Publié le par HITOYUME

C'EST COMME J'VOUS L'DIS

 

L'Etat a le monopole de la violence. Ainsi, il n ous protège contre toutes les violences, dont aussi celle de l'Etat. C'est le principe du racke.
Le racketteur vient encaisser un impôt obligatoire, comme "l'impôt révolutionnaire" prélevé de force par le Front de libération national corse. En payant, on est protégé contre les violences des racketteurs, comme l'incendie de sa maison. Pour résumer : le racketteur impose en même temps le problème et la solution.
Les présidents de la république, quels qu'ils soient, fonctionnent comme des racketteurs. Ils créent les problèmes. Par exemple, le chômlage en repoussant l'âge de la retraite. Et ils se font élire avec de prétendues solutions. Par exemple, lutter contre le chômage en relançant la croissance. Ou ils créent la pauvreté en augmentant les impôts. Et ils se font élire avecdes solutions. Par exemple, travailler le dimanche, travailler 39 heures. Ou alors encore, ils créent la délinquance en favorisant les ghettos, en appauvrissant tout le monde.
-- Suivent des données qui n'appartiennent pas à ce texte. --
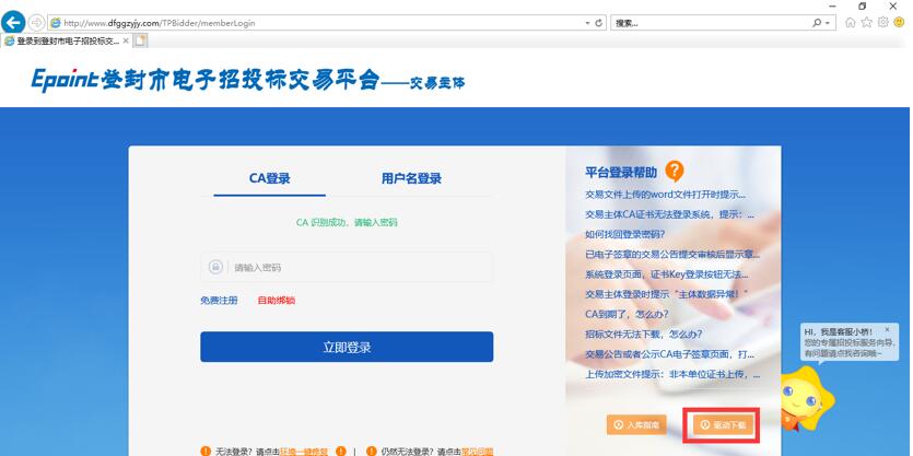 在交易主体登录页面,点击【驱动下载】,下载登封市交易平台驱动程序。
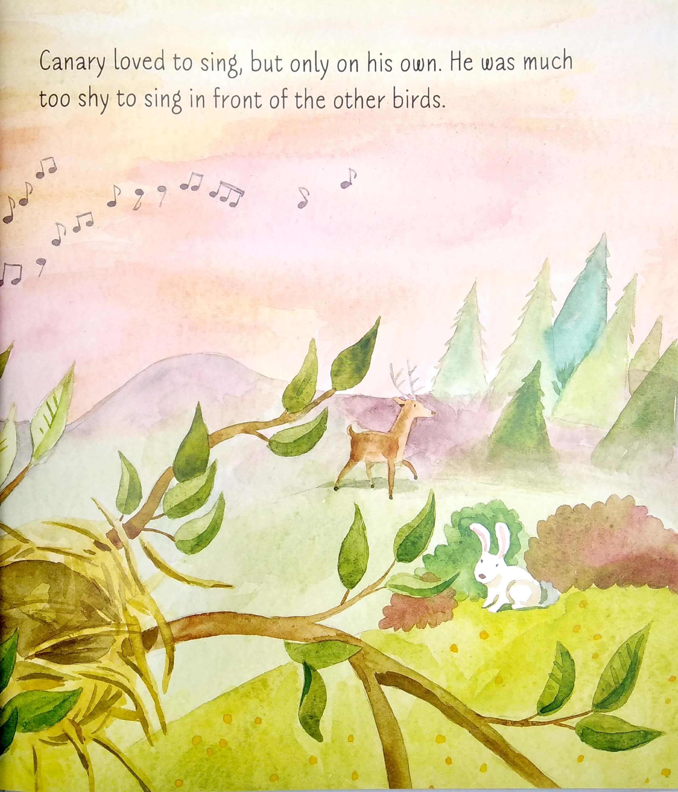 All of Canary’s friends have something special about them: Hummingbird can hover midair, Ostrich can run super-fast and Peacock has a beautiful tail. Canary loves to sing, but only when he’s by himself. He could never sing in front of his friends! Can Canary show everyone what makes him special, or is he simply too shy to sing?
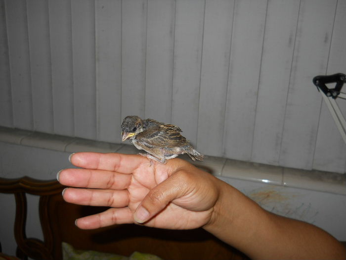 Lavina is prima lejana de Jamie la pajarita mayor que fue rescatada en el mismo estacionamiento detras del complejo de mi oficina. Esta carajita en la foto es familia lejana. Yo se que son de la misma familia porque este tipo de pajaritos no se reproducen muy lejos del nido original. Yo me di cuenta que la bebita esta estaba en el pavimento caida del nido por pura casualidad, yo la agarre y me la traje para la casa para que sea companerita de la otra Jamie.. Have fun looking at baby bird's pictures!

Et ils arrivent en sauveurs avec de super solutions : fabriquer des prisons, augmenter les moyens de la police, armer la police municipale.
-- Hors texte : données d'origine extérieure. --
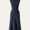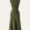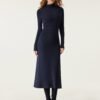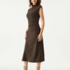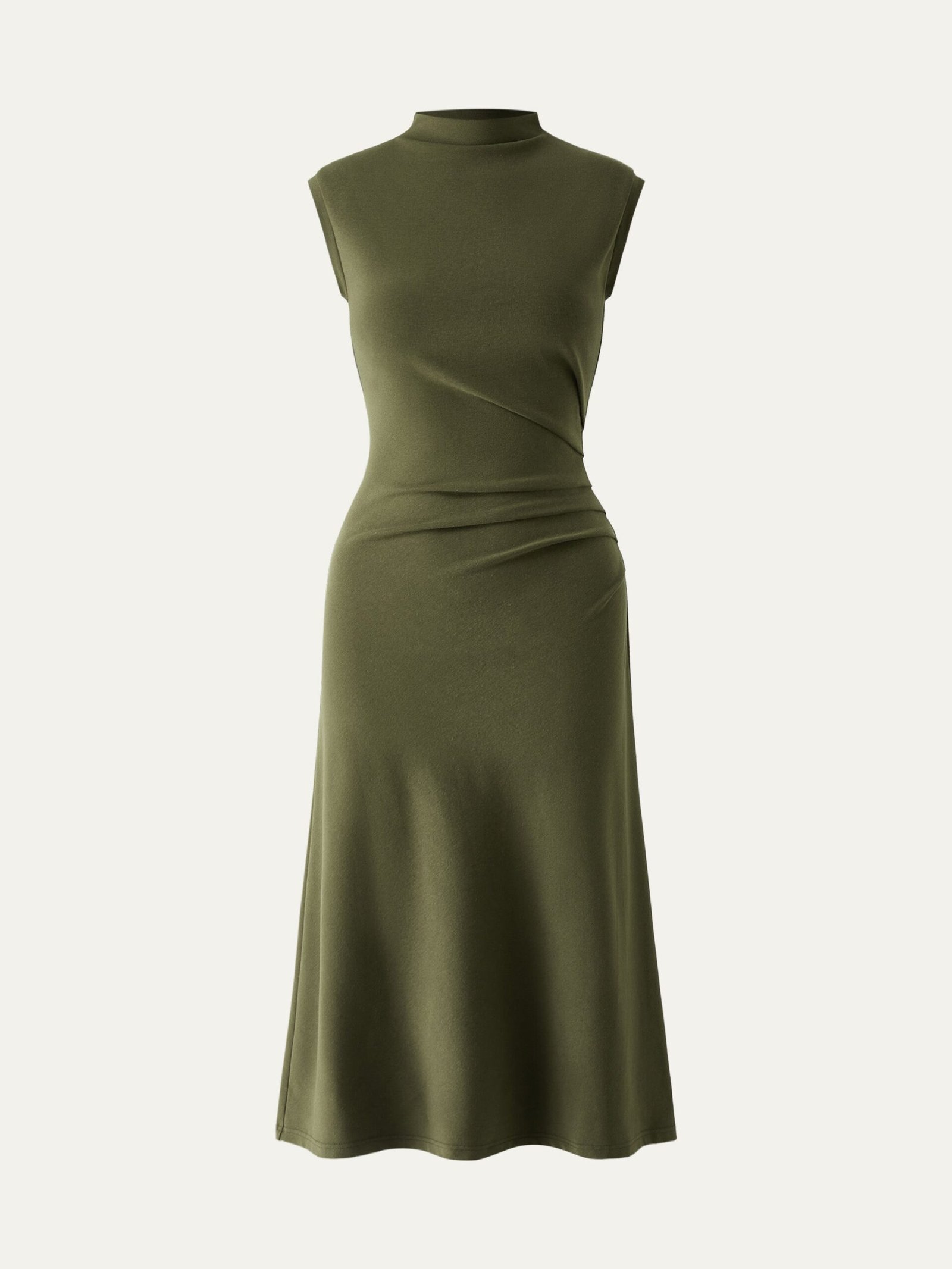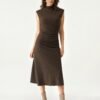Mockneck Tucks Midi Dress
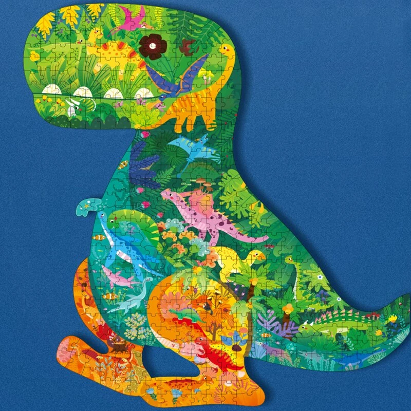 Farbenfroh und in einer außergewöhnlichen Form präsentiert sich dieses tolle Konturenpuzzle. 337 einzelne Puzzleteile werden benötigt und müssen richtig zusammengelegt werden, um diesen fröhlichen Dinosaurier zu formen.

Les bourreaux et les sauveurs sont les mêmes, les pères fouettards et les Pères Noël sont les mêmes, l'Etat voleur et l'Etat providence est le même, c'est le principe du racket.
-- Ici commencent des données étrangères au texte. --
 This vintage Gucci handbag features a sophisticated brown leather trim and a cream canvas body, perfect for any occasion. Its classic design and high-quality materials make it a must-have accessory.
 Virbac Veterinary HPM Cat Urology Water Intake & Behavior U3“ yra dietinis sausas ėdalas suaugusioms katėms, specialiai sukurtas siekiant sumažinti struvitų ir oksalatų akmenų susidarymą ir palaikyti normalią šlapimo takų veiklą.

Ils prétendent lutter contre la dette mais achètent l'argent à des banques au lieu de l'imprimer, ils prétendent lutter contre le chômage mais favorisent les robots qui remplacent les travailleurs, ils prétendent relancer la croissance alors qu'ils savent que la croissance est derrière nous.
Ce sont des bonimenteurs. Pendant ce temps, les taxes augmentent. Et si on ne paie pas, on finit à la rue, expulksé par les C.R.S. : on subit la violence de l'Etat.
Pour avoir le monopole de la violence, l'Etat s'est arrogé le monopole du territoire en détruisant les forêts. Impossible de se cacher, il n'y a plus d'arbres, en dehors de monocultures comme la forêt de pins dans les Landes.
En personnalisant le pouvoir l'Etat par la théâtralisation de l'élection présidentielle, on donne un visage humain au système de racket. Le président fait la pluie et le beau temps, c'est-à-dire les problèmes et les solutions, c'est ce qu'on appelle un monopole. On choisit la tête mais non le monopole.
Pendant cinq ans, une nouvelle marionnette distribuera les coups de poings dans la gueule et les pansements, deux manières d'asseoir son importance. Mais, s'il n'y avait pas de problèmes, on n'aurait pas non plus besoin de solutions.